Work required:
With pictures removed, the data below should be returned exactly.

Given material:
★ ★ ★ ★ ★

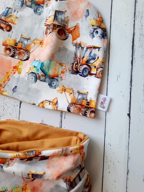 Markoló, targonca, darusautó sapka-sál szett (48-50 cm)
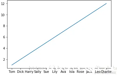 plt.xticks(x, ('Tom','Dick','Harry','Sally','Sue','Lily','Ava','Isla','Rose','Jack','Leo','Charlie'))
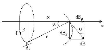 Елемент провідника із струмом dl, створює на осі x індукцію магнітного поля dB. Вектор є дотичним до силової лінії, зображеної на рисунку пунктирною лінією. Складова вектора індукції магнітного поля dBy
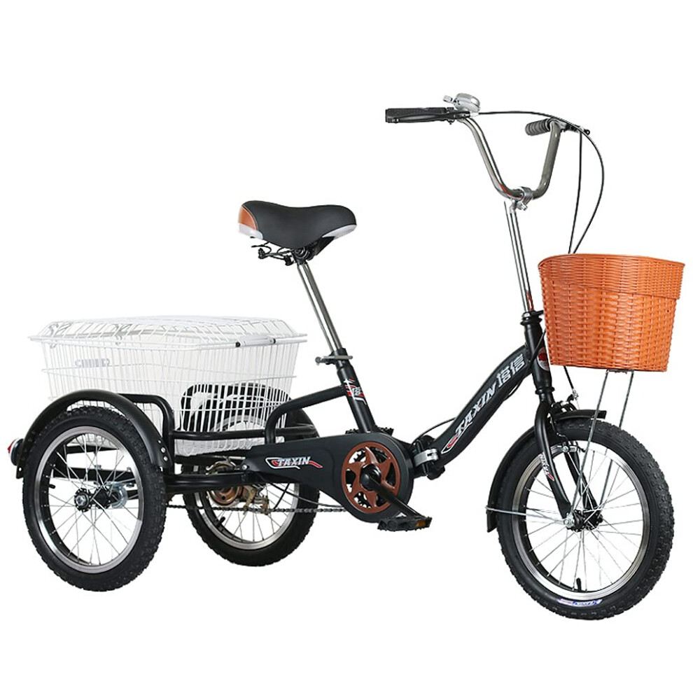 Three Wheel Bike Folding Tricycle With Shopping Basket Black Unisex For Seniors

★ ★ ★ ★ ★

Solution to this exercise:
 Markoló, targonca, darusautó sapka-sál szett (48-50 cm)
 plt.xticks(x, ('Tom','Dick','Harry','Sally','Sue','Lily','Ava','Isla','Rose','Jack','Leo','Charlie'))
 Елемент провідника із струмом dl, створює на осі x індукцію магнітного поля dB. Вектор є дотичним до силової лінії, зображеної на рисунку пунктирною лінією. Складова вектора індукції магнітного поля dBy
 Three Wheel Bike Folding Tricycle With Shopping Basket Black Unisex For Seniors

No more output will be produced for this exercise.